• _EXERCISE OBJECTIVE_:
Without any of its pictures, the listing below should be output exactly.

• _DATASET EXTRACT_:
+-------+
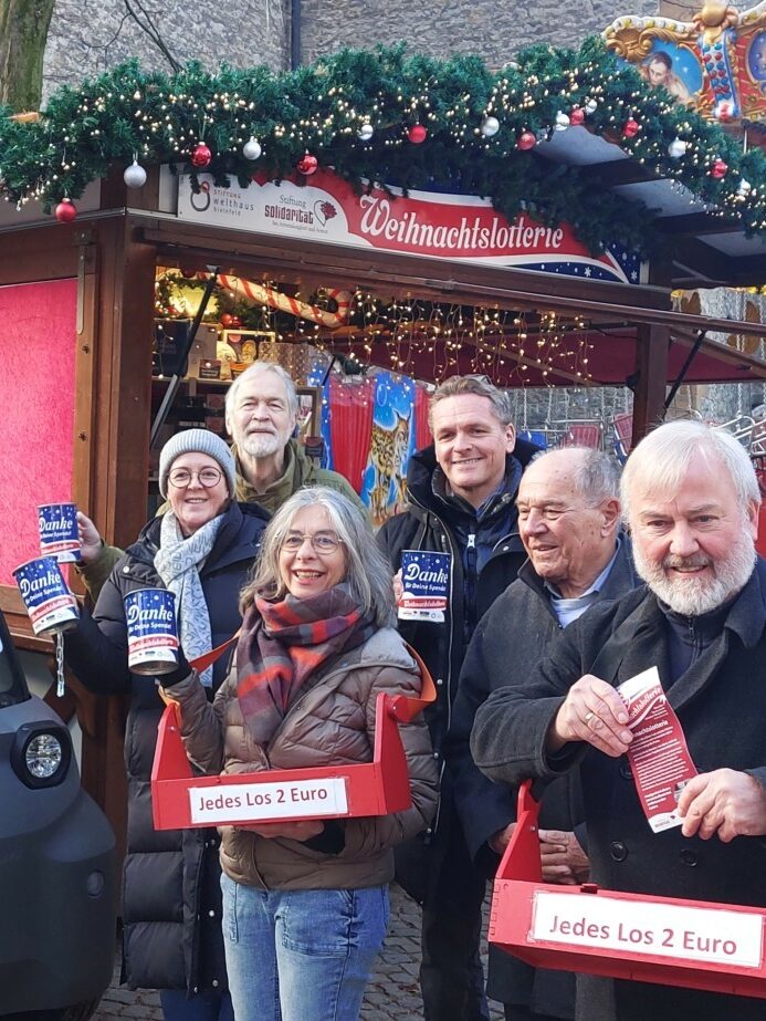 Bereits seit 15 Jahren laden die Stiftung Solidarität bei Arbeitslosigkeit und Armut und die Stiftung Welthaus Bielefeld gemeinsam zur sozialen Weihnachtslotterie auf dem Bielefelder Weihnachtsmarkt ein.
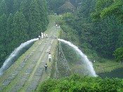今回は運がよく祭りにかぶり、祭りの日にしか見ることができない放水を見ることができた。
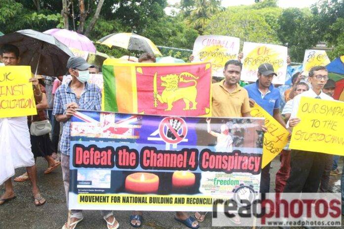 “පාස්කු ප්රහාරය සම්බන්දයෙන් ආන්දෝලනාත්මක වාර්තා වැඩසටහනක් ප්රචාරය කල බ්රිතාන්යයේ චැනල් 4 නාලිකාව අත් හිටුවන ලෙස ද චැනල් 4 කුමන්ත්රණය පරදවමු!” යන සටන් පාඨය ද මුල් කර ගනිමින් නිහඬ විරෝධතා ව්යාපාරයක් අද (07)දින දහවල් කොළඹ බෞද්ධාලෝක මාවතේ පිහිටි බ්රිතාන්යය මහ කොමසාරිස් කාර්යාලය ඉදිරිපිටදී පැවැත්විනි.
+-------+
• _ANSWER SPACE_:
 Bereits seit 15 Jahren laden die Stiftung Solidarität bei Arbeitslosigkeit und Armut und die Stiftung Welthaus Bielefeld gemeinsam zur sozialen Weihnachtslotterie auf dem Bielefelder Weihnachtsmarkt ein.
今回は運がよく祭りにかぶり、祭りの日にしか見ることができない放水を見ることができた。
 “පාස්කු ප්රහාරය සම්බන්දයෙන් ආන්දෝලනාත්මක වාර්තා වැඩසටහනක් ප්රචාරය කල බ්රිතාන්යයේ චැනල් 4 නාලිකාව අත් හිටුවන ලෙස ද චැනල් 4 කුමන්ත්රණය පරදවමු!” යන සටන් පාඨය ද මුල් කර ගනිමින් නිහඬ විරෝධතා ව්යාපාරයක් අද (07)දින දහවල් කොළඹ බෞද්ධාලෝක මාවතේ පිහිටි බ්රිතාන්යය මහ කොමසාරිස් කාර්යාලය ඉදිරිපිටදී පැවැත්විනි.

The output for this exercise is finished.